Cosas que la ciencia no puede explicar

Can science explain everything?

No hay nada como ponerse una bata de laboratorio para parecer que se sabe de lo que se habla, pero ¿tienen los científicos realmente todas las respuestas? En realidad, resulta que no. Hay un montón de cosas cotidianas que damos por sentadas y que la ciencia no puede explicar.

Desde acciones cotidianas hasta medicamentos fácilmente disponibles, prepárate para descubrir hasta qué punto deberías estar asustado por lo que los científicos no saben. El mundo todavía guarda muchas maravillas que la ciencia -hasta ahora- no puede explicar. A medida que conozcas los tres misterios descritos, comprueba si puedes plantear alguna hipótesis de explicación científica para ellos.

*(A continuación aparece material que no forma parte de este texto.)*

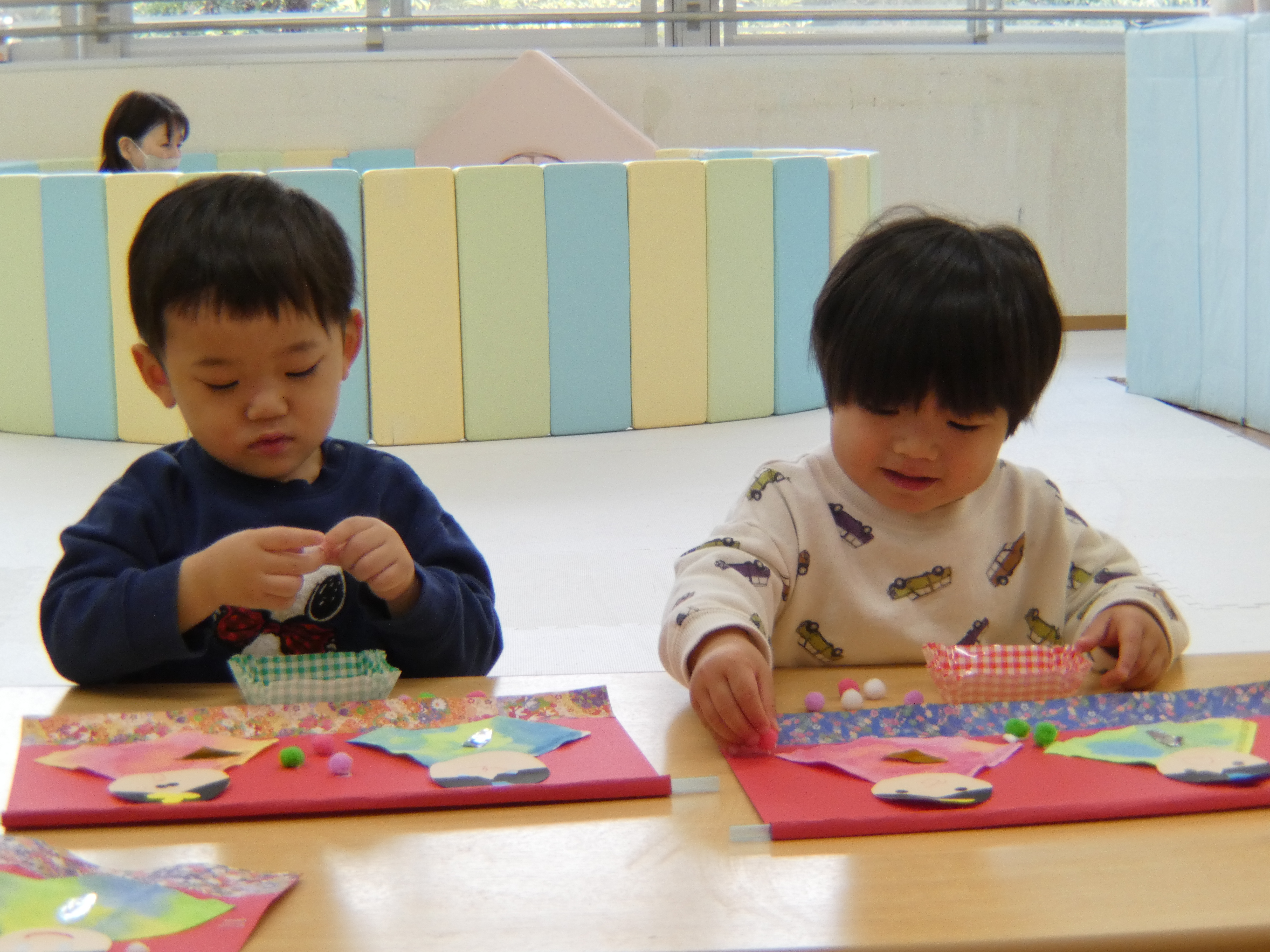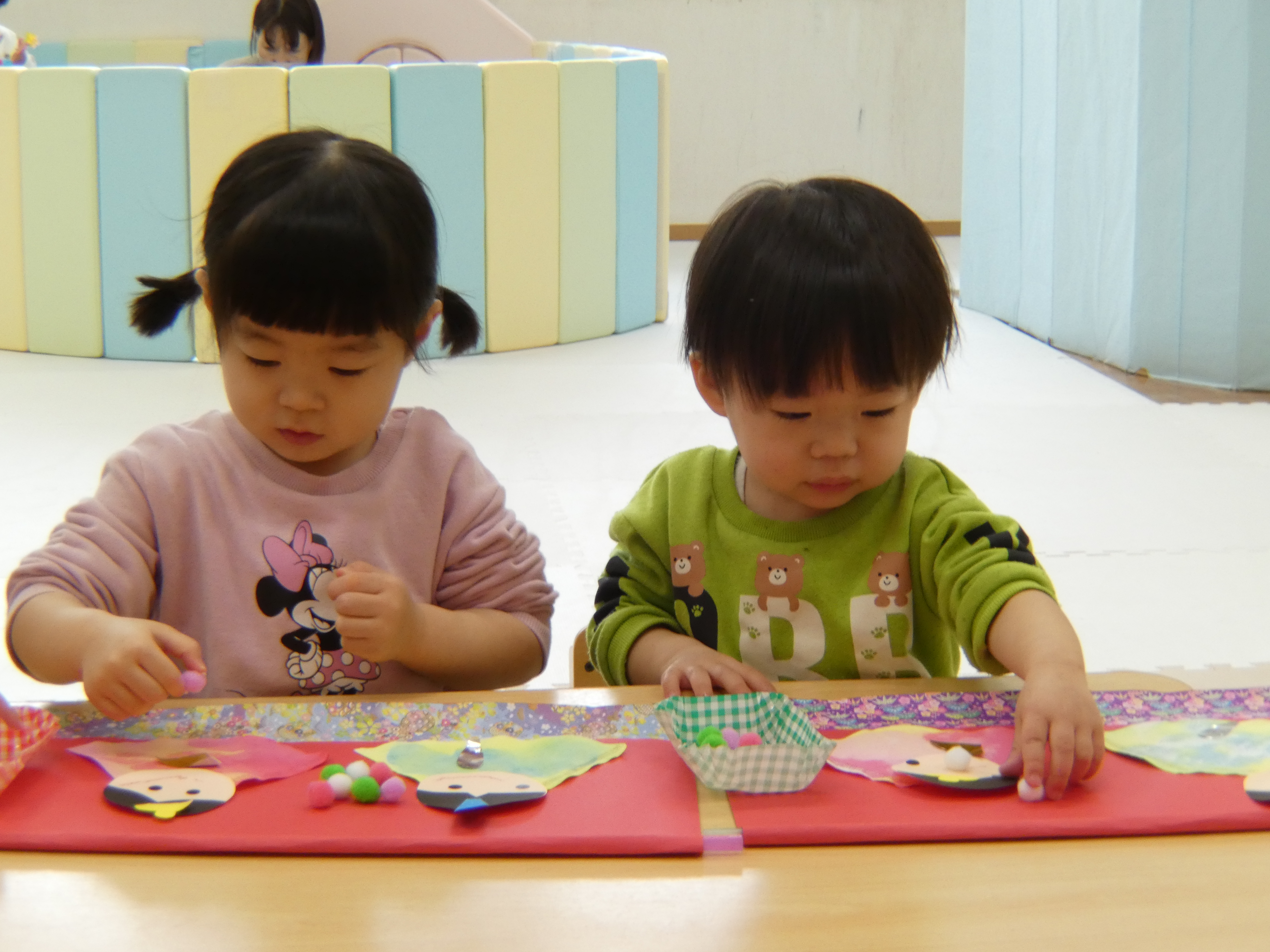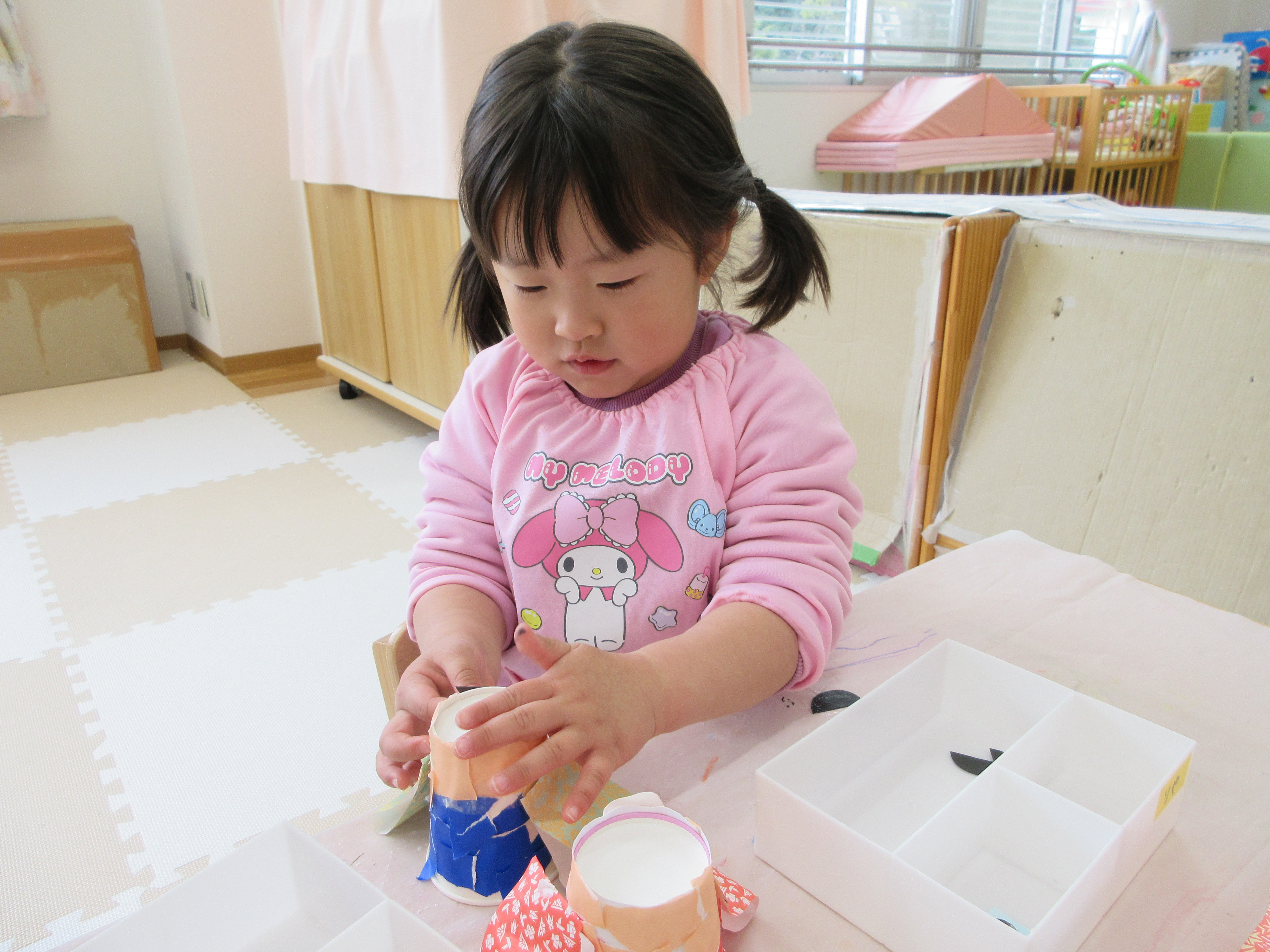 今日は一日お部屋で過ごしました。お雛飾り制作をがんばったみんなです。

Se han registrado demasiados avistamientos públicos de rayos en bola como para considerarlos ficticios. Se trata, literalmente, de una bola ardiente de rayos que suele aparecer durante una tormenta eléctrica. Lo que lo hace increíblemente intrigante es que estas esferas ardientes son realmente móviles, con poderes aparentemente inexplicables.

La gente ha visto cómo los rayos de bola atraviesan bloques de metal, madera e incluso edificios. Van acompañados de un fuerte olor sulfuroso y tienen una duración que oscila entre un segundo y un minuto. Los relámpagos de bola pueden causar daños importantes, como la quema de objetos a su paso.

Hasta ahora, la explicación científica más popular dice que las bolas de rayo están hechas de silicio vaporizado. En 2012, científicos de China capturaron por primera vez imágenes de vídeo y espectrográficas de los rayos en bola. Las imágenes han permitido a los científicos determinar de qué están hechas estas bolas de fuego, por lo que, puede que estemos cerca de una explicación.

Por muy avanzados que estén la ciencia y la medicina hoy en día, aún queda mucho camino por recorrer. Una de las cosas más extrañas y a la vez más fascinantes que ningún médico es capaz de explicar, es la conexión mente-cuerpo. El efecto placebo demuestra que el mero hecho de creer que algo funciona puede disminuir el sufrimiento y los sÃntomas de lo que se sufre, incluso si es fÃsico.

Sin duda, se trata de una de las ciencias más extrañas e inexplicables del cuerpo humano. La infame región del Océano Atlántico, de la que todos hemos oÃdo hablar. Estoy seguro de que ha oído hablar de este lugar por su notoria reputación por todos los numerosos accidentes de avión que han ocurrido en esta región.

Aquellos que creen que ocurre algo raro han alegado actividades paranormales y la presencia de extraterrestres, mientras que los que tienen una visión más cientÃfica argumentan en contra diciendo que no hay una cantidad inusual de accidentes en comparación con otras zonas de accidentes. La más popular de las teorÃas es la de las interferencias electromagnéticas que causan problemas con la brújula. Por supuesto, los cientÃficos están acostumbrados a tratar con elementos inobservables.

Los electrones, por ejemplo, son demasiado pequeños para ser vistos. Pero los científicos postulan entidades inobservables para explicar lo que observamos, como los rayos o las estelas de vapor en las cámaras de nubes. Pero en el caso único de la conciencia, lo que hay que explicar no se puede observar.

Sabemos que la conciencia existe no a través de experimentos, sino a través de nuestra conciencia inmediata de nuestros sentimientos y experiencias. La percepción de que la religión y la ciencia entran en conflicto suele provenir de la idea de que la religión está obsoleta. La ciencia, después de todo, ha demostrado que el mundo no se creó en siete días naturales, que las especies surgieron de la evolución, que el sol y no la tierra es el centro del universo.

Las herramientas seculares de la ciencia moderna pueden mostrarnos una verdad objetiva y probada sobre el universo, así que ¿qué necesidad hay de la religión? ¿No debería provenir todo el conocimiento fiable de la investigación científica? Más aún, ¿hay algo que la ciencia no pueda explicar?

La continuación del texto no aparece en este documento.